Autumn is like a relaxed lunch party the day after a big night out, when you take your too-tight togs off, breathe out and have a good time, for real. It's grown-up red wine over girly rosé, apple crumble over salad. It's fire and flame colours and back to school and traffic-light trees and mist-veiled mornings and the smell of rotting fruit and it's right up my street.
When we lived in Scotland, a highlight of this time of year was apple pressing at my parents-in-law's house, so this year we invested in our very own apple press, designed and hand-made by our Danish friend Calle Christensen, a creative genius of the Heath Robinson school. Isn't she a beauty?
The specially nifty elements are that it integrates the fruit press and crusher (powered by an ordinary electric drill) in one machine, and uses a small car jack to squeeze up from below rather than press down from above.

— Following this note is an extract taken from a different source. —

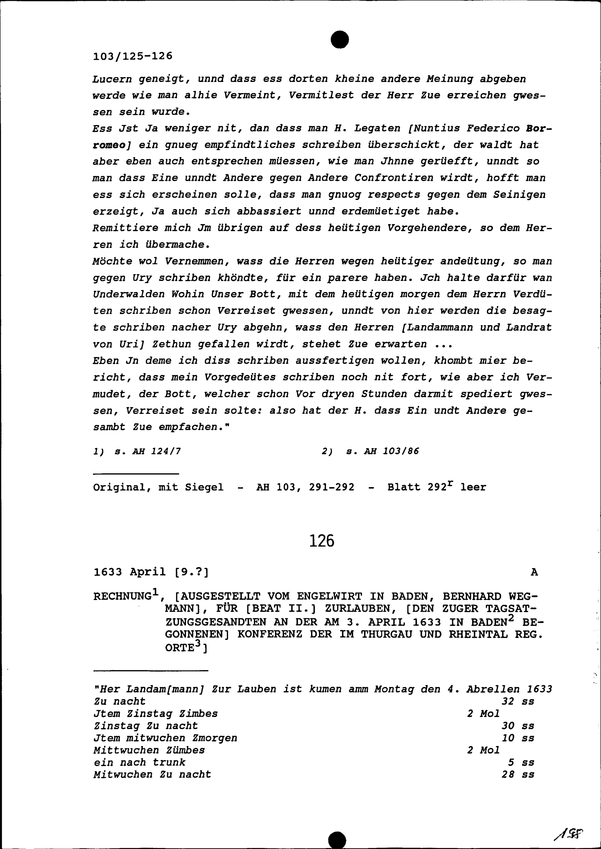 Schreiben von Paul Ceberg, Landschreiber, an Beat II. Zurlauben, Altammann und Stadt-...

I get a ridiculous amount of joy from the smell of the apples (and pears) as they're pressed and the satisfaction of filling the freezer with our own juice (not to mention the drinking that sweet, sweet nectar). Which is just as well as it makes probably no financial or practical sense to press your own (and other people's) apples by hand when you can just take them along to a local musteri. But that's not the way we roll around here.
The same argument could be used against mushroom hunting - why spend hours rootling around in the forest when you can just buy them in the supermarket (where you can be sure they won't kill you)? But this is one of the things I love about Sweden - that most people here are still sufficiently closely connected to nature to get satisfaction from finding their own (free) food and pleasure just from being in the forest. And that many have the knowledge to find and identify edible mushrooms, even if it's just the trusty chanterelle.
Never a basket around when you need one
I'm proud to report that after four years of living here, we busted out of the 95% of people who "only" pick kantareller and can now fairly confidently identify other tasty fungi including Karl Johan (porcini), trattkantareller (funnel chanterelles), svart trumpetsvamp (Horn of Plenty) and blomkålsvamp (cauliflower mushroom), which looks like a bathroom sponge.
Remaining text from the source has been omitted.